Bug 1636190 - [OSP-10] Wait longer before issuing SIGKILL on instance destroy, to handle "libvirtError: Failed to terminate process <pid> with SIGKILL: Device or resource busy"
Summary: [OSP-10] Wait longer before issuing SIGKILL on instance destroy, to handle "l...
Keywords:
Status: CLOSED ERRATA
Alias: None
Product: Red Hat OpenStack
Classification: Red Hat
Component: openstack-nova
Version: 10.0 (Newton)
Hardware: x86_64
OS: Linux
medium
medium
Target Milestone: z14
: 10.0 (Newton)
Assignee: Kashyap Chamarthy
QA Contact: OSP DFG:Compute
URL:
Whiteboard:
: 1489980 (view as bug list)
Depends On: 1723881
Blocks: 1759125 1789339
TreeView+ depends on / blocked
 
Reported: 2018-10-04 16:44 UTC by Matt Flusche
Modified: 2024-03-25 15:08 UTC (History)
12 users (show)

Fixed In Version: openstack-nova-14.1.0-58.el7ost
Doc Type: If docs needed, set a value
Doc Text:
Clone Of:
: 1759125 1789339 (view as bug list)
Environment:
Last Closed: 2019-12-17 16:52:34 UTC
Target Upstream Version:
Embargoed:


Attachments (Terms of Use)


Links
System ID Private Priority Status Summary Last Updated
OpenStack gerrit 639091 0 'None' MERGED libvirt: Rework 'EBUSY' (SIGKILL) error handling code path 2021-01-28 02:14:07 UTC
Red Hat Issue Tracker OSP-23387 0 None None None 2023-03-21 19:04:38 UTC
Red Hat Product Errata RHBA-2019:4299 0 None None None 2019-12-17 16:52:45 UTC

Description Matt Flusche 2018-10-04 16:44:01 UTC
Description of problem:
In an environment with large compute nodes (3TB of RAM) and high instance add/delete churn, the current wait time outs for instance destroy may not be sufficient.  The destroy time outs should be user configurable to support such environment.

This environment sees the following instance destroy failures daily.

2018-09-25 14:50:25.251 250438 WARNING nova.virt.libvirt.driver [req-9c05c3c1-ab08-4a14-b036-ad10b987b8e5 ad64ce5e9890b9596163edd10c8a4da2bca62c4f84f720b59cf30d20903c60ab b297db4812004ed9938eae3c776467ad - - -] [instance: ee0cd616-c3da-41fa-9af4-4c3173f85764] Error from libvirt during destroy.

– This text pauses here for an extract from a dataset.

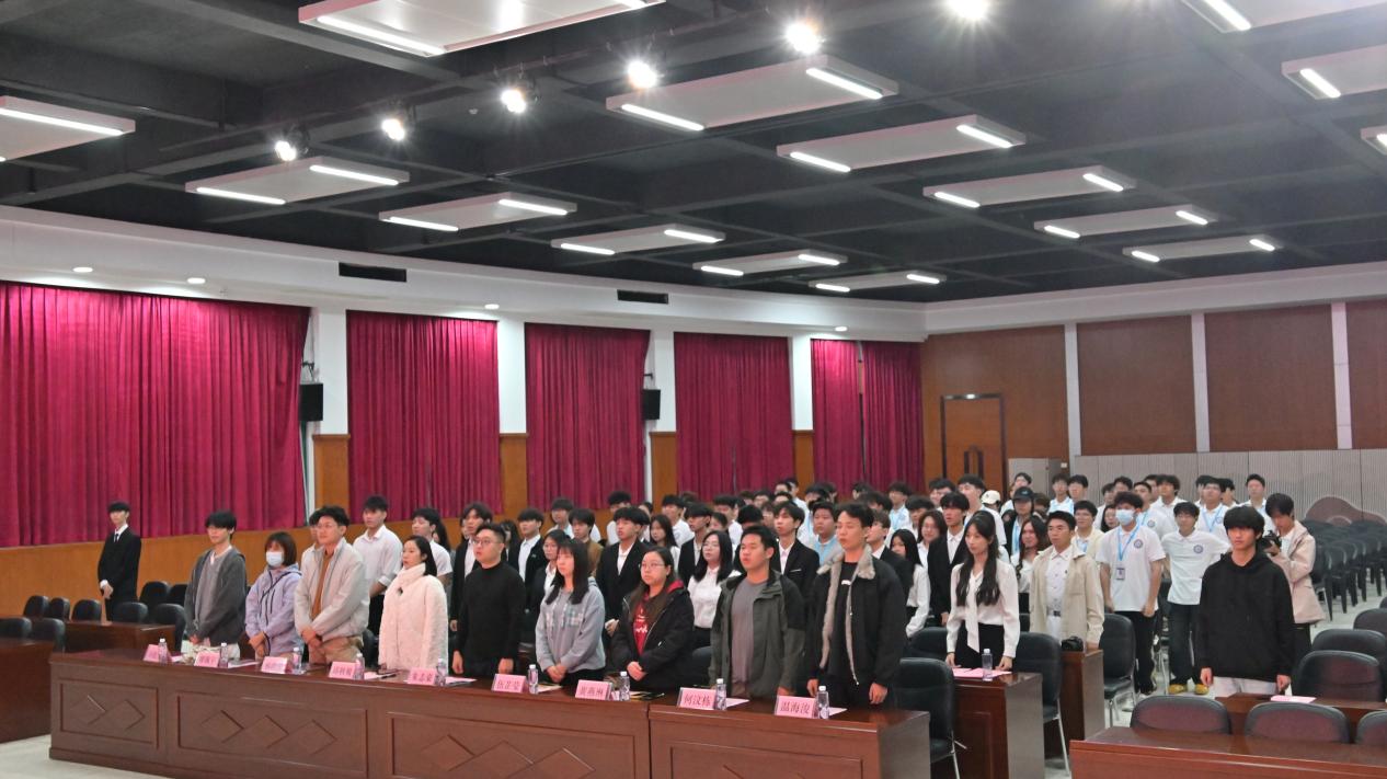 隨后,全體起立奏唱團(tuán)歌,激昂的旋律回蕩在會(huì)場(chǎng),點(diǎn)燃了在場(chǎng)每一位學(xué)子的青春激情與責(zé)任擔(dān)當(dāng)。

Code=38 Error=Failed to terminate process 203650 with SIGKILL: Device or resource busy; attempt 3 of 3

The instances eventually terminate and allowing a longer time out would prevent this error.

References:

https://bugzilla.redhat.com/show_bug.cgi?id=1205647
https://github.com/libvirt/libvirt/blob/9a4e4b942df0474503e7524ea427351a46c0eabe/src/util/virprocess.c#L349
https://github.com/openstack/nova/blob/master/nova/virt/libvirt/driver.py#L843

Version-Release number of selected component (if applicable):
OSP 10
openstack-nova-compute-14.1.0-22.el7ost.noarch
libvirt-daemon-3.9.0-14.el7_5.6.x86_64
qemu-kvm-rhev-2.10.0-21.el7_5.3.x86_64

How reproducible:
Daily in this specific environment


Additional info:
I'll provide additional environment details and logs

Comment 2 Matthew Booth 2018-10-11 10:21:10 UTC
Matt's random thoughts: 

* do we have any way to ask libvirt if the shutdown is still in progress and expected to complete eventually?
* are there circumstances in which a shutdown will never complete, but also not fail?
  * i.e. Can we just remove the timeout and just handle failure?

Comment 4 Daniel Berrangé 2018-10-12 12:12:43 UTC
(In reply to Matthew Booth from comment #2)
> Matt's random thoughts: 
> 
> * do we have any way to ask libvirt if the shutdown is still in progress and
> expected to complete eventually?

In theory there is a "Shutting down" state but I don't think we use that in the QEMU driver in libvirt. It just remains "running" until it goes to "shutoff".

We few weeks ago though we did majorly increase the time we wait for shutdown to complete in libvirt. Originally we send SIGTERM, then wait 10 seconds, and sent SIGKILL and wait another 5 seconds.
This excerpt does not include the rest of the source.